Cosmos-H-Surgical: Learning Surgical Robot Policies from Videos via World Modeling

This paper addresses the scarcity of labeled surgical robot data by introducing Cosmos-H-Surgical, a world model that generates realistic surgical videos and infers synthetic kinematics via an inverse dynamics model, enabling the training of superior surgical policies that outperform those trained solely on limited real-world demonstrations.

Yufan He, Pengfei Guo, Mengya Xu, Zhaoshuo Li, Andriy Myronenko, Dillan Imans, Bingjie Liu, Dongren Yang, Mingxue Gu, Yongnan Ji, Yueming Jin, Ren Zhao, Baiyong Shen, Daguang Xu

Published Thu, 12 Ma
📖 4 min read☕ Coffee break read

Imagine you want to teach a robot how to perform delicate surgery, like stitching a wound or passing a needle. The biggest problem isn't that the robot is "stupid"; it's that we don't have enough training data.

In the real world, getting a robot to watch a surgeon and copy their hand movements is incredibly hard. It's expensive, dangerous for patients, and requires special permission. It's like trying to learn to drive a Formula 1 car by only being allowed to sit in the driver's seat for 10 minutes a year.

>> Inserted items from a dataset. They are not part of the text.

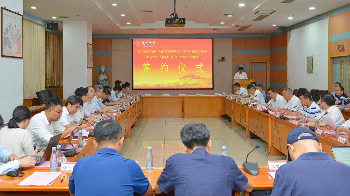 9月25日,厦门大学资产经营有限公司、厦门大学产业技术研究院与厦门市交通运输局、交通运输部科学研究院、交科院科技集团有限公司五方战略合作签约仪式在颂恩楼举行,我校校长助理张建霖,国内合作办公室、科学技术处、资产经营有限公司、产业技术研究院、信息学院、航空航天学院、建筑与土木工程学院、建筑设计研究院、城乡规划设计研究院等相关单位负责人参加。签约仪式由厦门市交通运输局副局长师强主持。
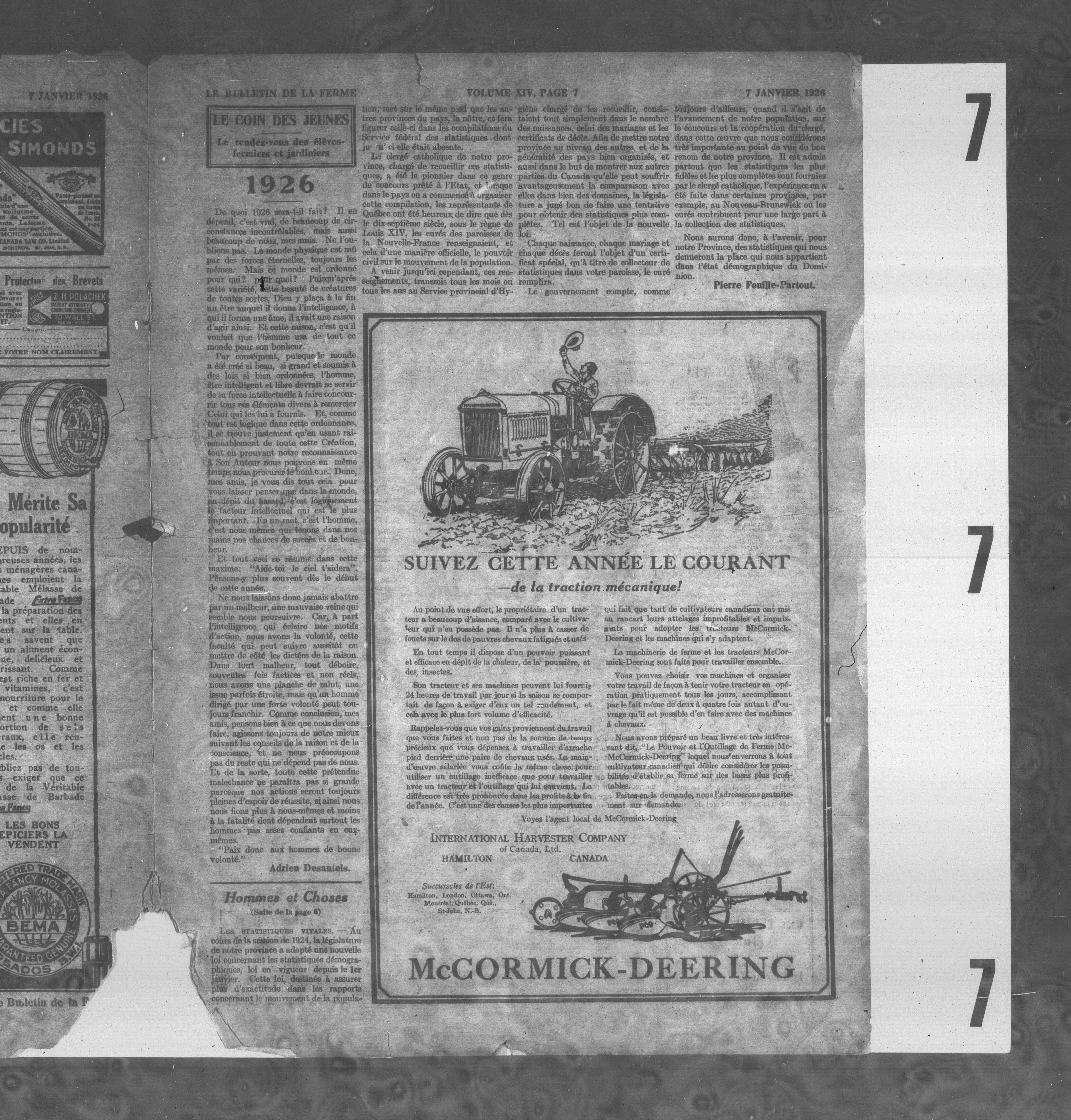 Le Bulletin de la ferme : Le Bulletin de la ferme : Volume XIV, Numéro 1 (7 janvier 1926)
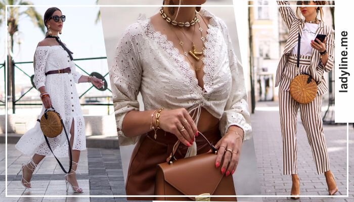 Лето – самое лучшее время для экспериментов. А значит можно примерить новые образы или вообще сменить стиль в одежде. Наши советы и рекомендации в этом помогут. Летние луки 2019 отличаются своей непринужденностью, лаконичностью и элегантностью. Поэтому не вызовут каких-либо затруднений при носке. Здесь можно встретить различные стили: casual, офисный, классический или оверсайз. Значит в представленных образах можно будет отправиться не только на работу, но и романтический ужин или просто прогуляться по парку. Белое ажурное платье со спущенными плечиками отлично подчеркивает стройную фигуру. Дополните его контрастным ремешком и босоножками на шпильке. Необычная сумочка и украшения придадут образу утонченности. Для городских модниц подойдет сочетание полосатой юбки с пуговицами впереди, джинсовой куртки и футболки зеленого цвета. Дерзости образу придает узел на животе и необычные украшения на шее. Стильные белые босоножки с лентами на щиколотке подчеркивают красоту ног. Нотку стиля в

Cosmos-H-Surgical is a new invention that solves this by acting like a super-powered "Imagination Machine" for robots. Here is how it works, broken down into simple steps:

1. The Problem: The "Silent Library"

Think of the internet as a massive library filled with millions of videos of surgeons operating. These are the "Silent Library" books. They are full of visual action (you can see the needle moving), but they are silent regarding the robot's brain. We don't know the exact math of how the surgeon's hand moved (the "kinematics"). Without that math, a robot can't learn to copy the move.

2. The Solution: The "Surgical Storybook" (SATA Dataset)

The researchers created a special book called SATA. They took those silent videos and added detailed captions written by experts.

  • Instead of just a video of a needle, they wrote: "The left tool gently grabs the needle, moves it to the right, and pokes the tissue at a 45-degree angle."
  • This turns a silent movie into a storybook that explains exactly what is happening.

3. The Magic Engine: The "Dreamer" (World Model)

Using this storybook, they trained a World Model. Think of this model as a Hollywood Director who has read every surgical storybook ever written.

  • If you tell this Director, "Show me a robot passing a needle three times," it doesn't just guess; it generates a brand new, photorealistic video of that exact scene.
  • Because it learned from the storybook, the video looks real, the tools move correctly, and the tissue reacts naturally.

4. The Translator: The "Mind Reader" (Inverse Dynamics Model)

Here is the clever part. The Director (World Model) makes the video, but the robot still doesn't know how to move its arms to make that video happen.

  • The researchers added a second AI called an Inverse Dynamics Model (IDM). Think of this as a Mind Reader.
  • The Mind Reader watches the fake video generated by the Director and says, "Ah, for the needle to move that way in the video, the robot's left arm must have moved in this specific mathematical pattern."
  • It essentially reverse-engineers the robot's movements from the video.

5. The Result: The "Super-Student" Robot

Now, the robot has a massive new library of training data:

  1. Real Data: A tiny bit of real footage from actual surgeries (the "gold standard" but scarce).
  2. Synthetic Data: Thousands of hours of "fake" but perfect videos generated by the Director, with the exact math of how to move, provided by the Mind Reader.

The robot trains on this massive mix. It's like a student who reads a few real textbooks but then spends years practicing in a virtual reality simulator that is so realistic, it feels like the real thing.

Why This Matters

  • Safety: We don't need to risk patient safety to generate training data.
  • Speed: We can generate infinite practice scenarios (e.g., "What if the tissue is slippery?" or "What if the needle is bent?") instantly.
  • Performance: When they tested this on a real robot, the robot trained with this "imagination" data performed much better than robots trained only on the tiny amount of real data available.

In short: Cosmos-H-Surgical teaches robots to learn surgery by letting them watch a movie of the surgery, then using a smart AI to figure out the script (the math) behind the movie, allowing them to practice millions of times without ever touching a real patient.